# Is tuna okay for Malts?



## Toby's Mom (May 7, 2004)

I grilled some tuna the other day and have some left over. I need to make Toby some of his Dr. Harvey's today and I am wondering if it is okay to add the tuna to his food. 

Do you think it is okay? Do I need to worry about the mercury levels for such a little bit?


----------



## maltlovereileen (Jan 19, 2009)

I think he'd love it 

Since it's not an everyday item, I personally don't see a problem...heck, we eat it on occassion around here (mercury and all )


----------



## Nikki's Mom (Feb 13, 2008)

maltlovereileen said:


> I think he'd love it
> 
> Since it's not an everyday item, I personally don't see a problem...heck, we eat it on occassion around here (mercury and all )


What she said. :thumbsup:


----------



## princessre (Dec 23, 2008)

i agree!!


----------



## Maglily (Feb 3, 2009)

Jodi loves tuna every now and again...and other fish too.


----------



## sassy's mommy (Aug 29, 2005)

Sassy loves tuna.....I think she might be part kitty the way she acts when we have fish.
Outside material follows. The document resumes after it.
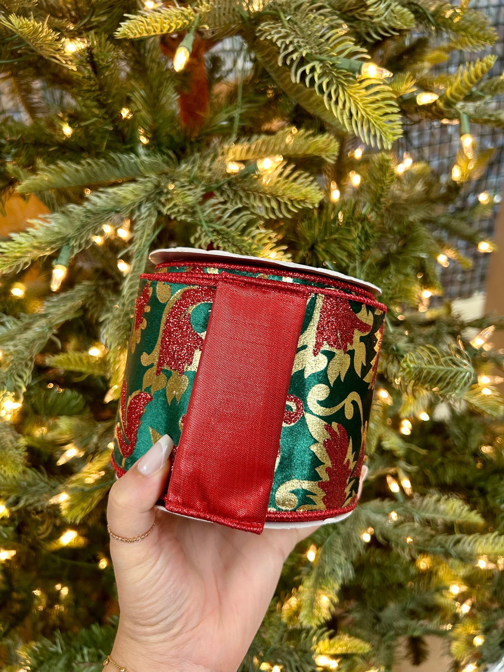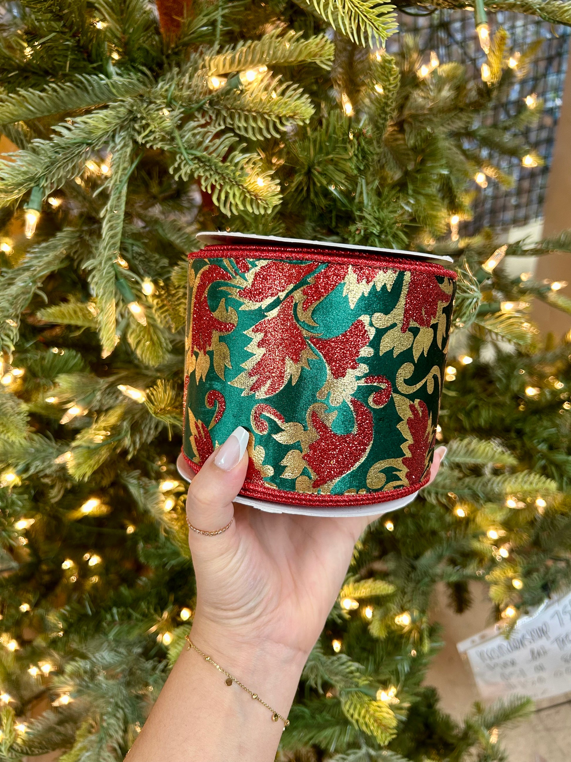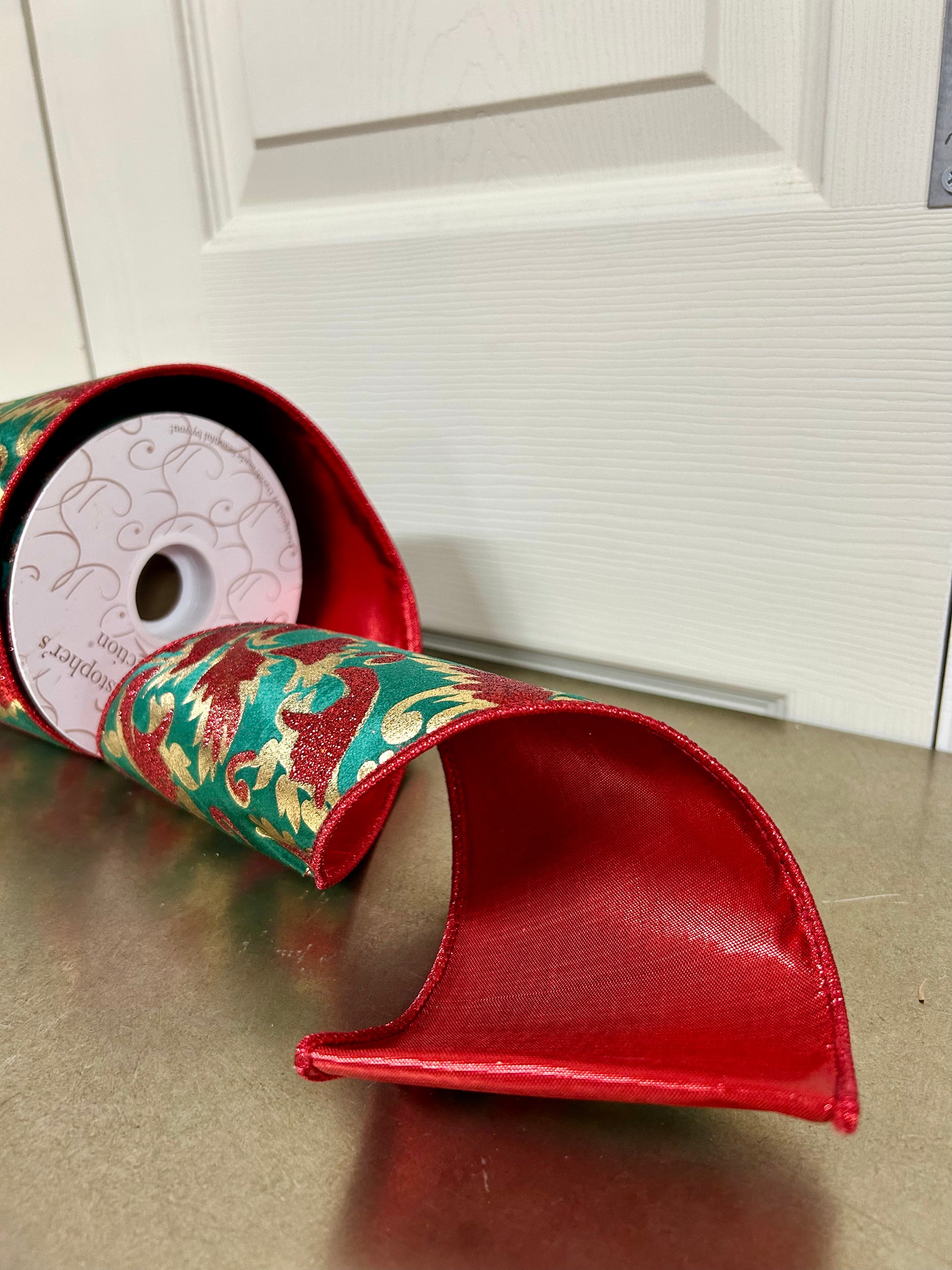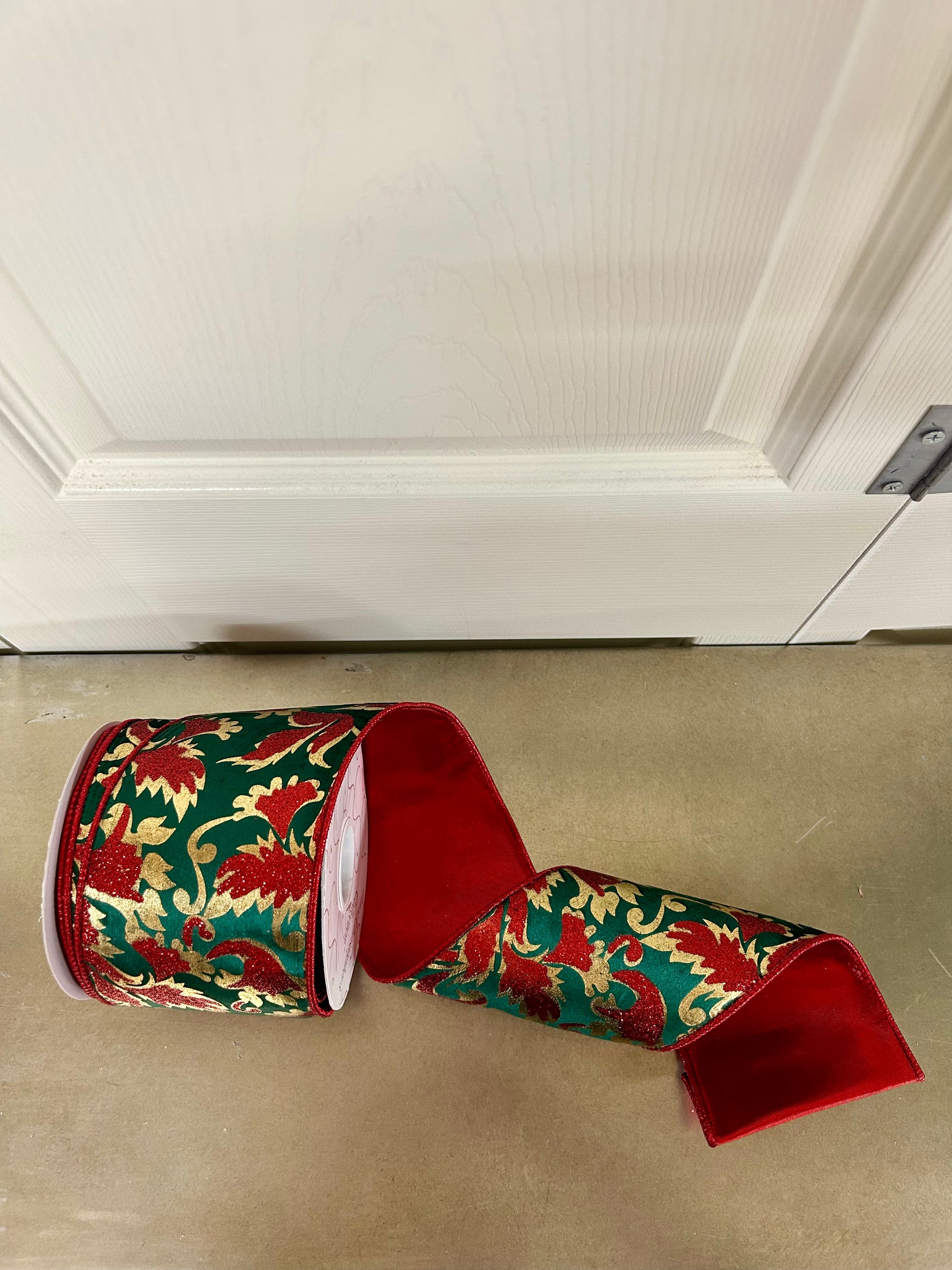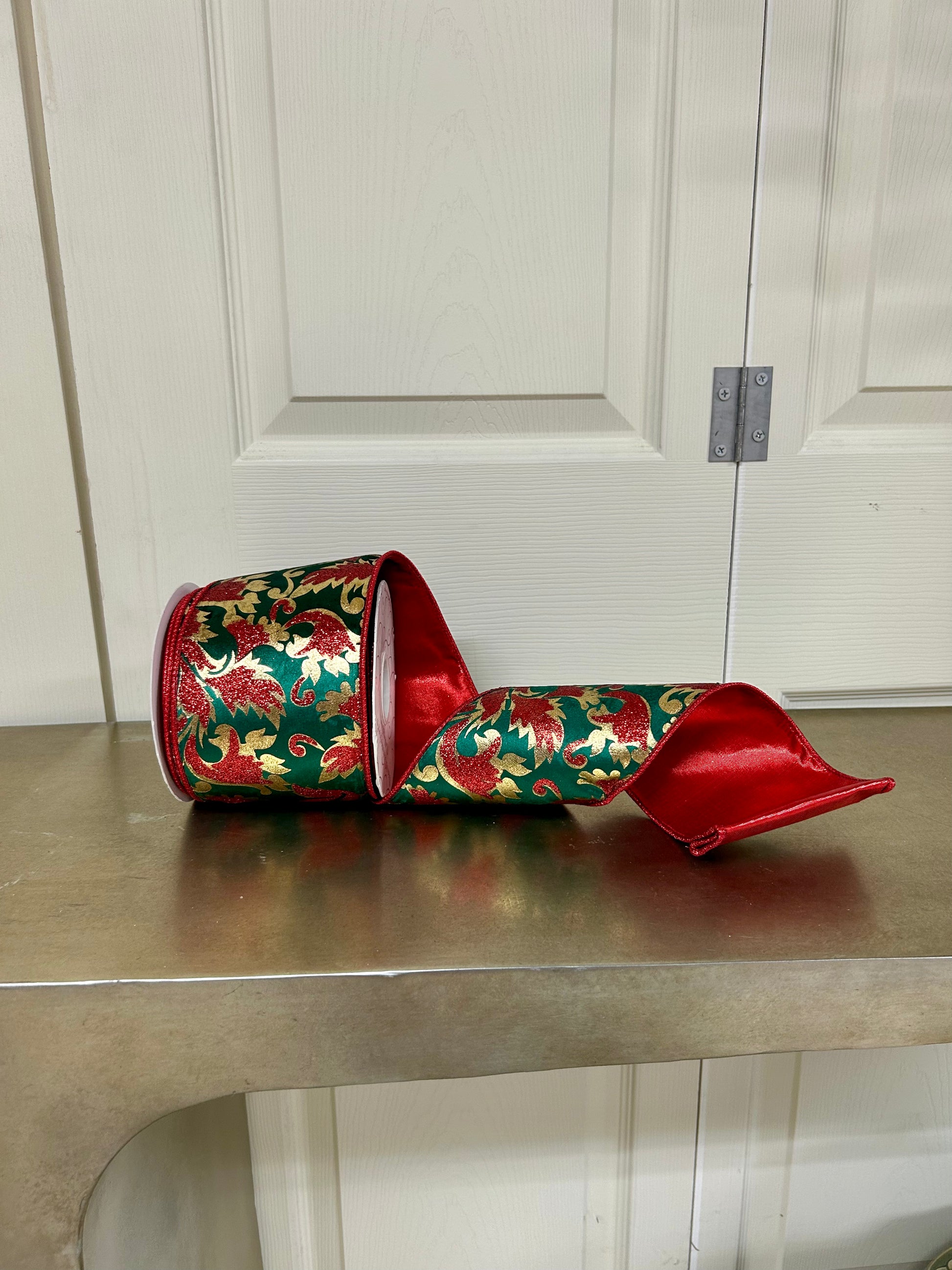 Elevate your holiday décor with this luxurious 4-inch by 10-yard ribbon featuring a gold glitter leaf pattern on rich dark green velvet. The vibrant red backing adds depth and contrast, perfect for crafting elegant Christmas wreaths, gift wrapping, or seasonal floral arrangements. This premium ribbon combines classic festive colors with a plush texture, ensuring your decorations stand out with sophistication and lasting appeal.

I don't see a problem with a little every now and then. I always remove the skin and fat.


----------



## Johita (Jul 10, 2009)

I think it's fine too as long as it's not a lot and he doesn't eat it everyday. I treated Aolani to his own little peice of grilled salmon for his birthday and he loved it. We didnt add any seasoning to it or oil - it was just plain ole salmon.


----------



## Toby's Mom (May 7, 2004)

Thanks everyone! I am sure Toby will love it!


----------



## jodublin (Sep 27, 2006)

Enjoy your meal Toby.


----------